Some of the airline owners are known to have run the airlines as a family business with the owner positioned as both the Chairman and the chief executive officer while their children who lacked the knowledge about airline business are positioned to oversee core technical areas at the detriment of professionalism and technical expertise.

Besides the ownership structure, lack of corporate governance, an important aspect of any business which allows self-policing is another factor militating against long lasting airline business in Nigeria. All these and many other issues not exonerating government through many unpopular policies can be traced to the short life span of domestic airline business in the country.

This situation which has continued to attract debates across the sector is presently creating anxiety in the sector following the uncertainty that may befall a onetime number one domestic airline in Nigeria and even in West Africa, Arik Air, as the airline from all indications may not survive the beyond 2021 as the Asset Management Corporation of Nigeria (AMCON), the debt recovery agency of government appointed as the Receiver Manager of Arik Air may have gone far to float another carrier, NG Eagle out of Arik Air.

From the handwriting on the wall, since AMCON has found it almost impossible to redeem Arik Air, the only option left is to use its carcass to float another airline through which it can recoup the huge debts of Arik Air.

Lessons to be learnt from the fall of Arik Air is that this airline which came into existence from the rubble of former Nigeria Airways and commenced operations in 2006, within the shortest period, became a darling of Nigerians and outside the shores of the land with the regime of modern aircraft it paraded and the number of routes it operated to both locally, regionally, and internationally with new aircraft.

However, the goodwill the airline enjoyed till about 2013 started dwindling until things finally fell apart for it between 2015/2016 with its takeover by AMCON. At this point the airline could no longer boast of any iota of credibility with none of its financial partners including banks, oil marketers, insurers, the aviation agencies, and handling companies willing to transact business with it in view of its huge indebtedness amounting to over N300 billion.
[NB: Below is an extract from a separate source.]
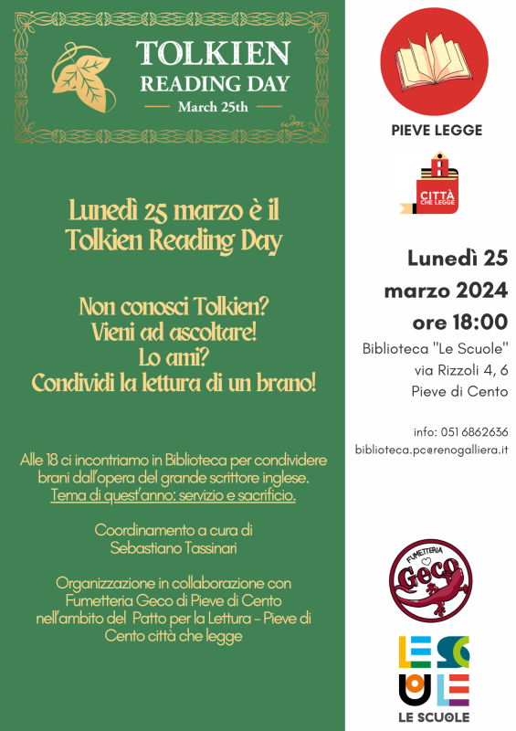 In occasione del Tolkien Reading Day, lunedì 25 marzo alle ore 18.00 si terrà un incontro per condividere brani dell'opera del grande scrittore inglese.

While many key players had attributed the rot and the final collapse of the once great Nigerian carrier to its mismanagement courtesy of the direct involvement of the owner at the expense of professionalism, the sad story would have been different if the airline had been allowed to run in line with international standards in respect to professionalism devoid of the financial recklessness it found itself.

So sad that another Nigerian carrier which started so well has within ten years of existence equally lost its bearing following the same mistakes of the previous airlines.  In all honesty, the time has come for the Nigerian Civil Aviation Authority (NCAA) to be more up and doing in its position as the regulatory body on whose shoulder falls the responsibility of monitoring the airlines.

There is the need for it not just to issue AOCs to airlines but ensure such airlines are run in line with the rules of the business and aviation standards. Perhaps if it had shown more interest in the activities of Arik Air, it would have called the attention of the management to the consequences of their unprofessional style. There is no way the short life span of the Nigerian airlines will be discussed without questions being asked about the role of the NCAA as the regulatory body.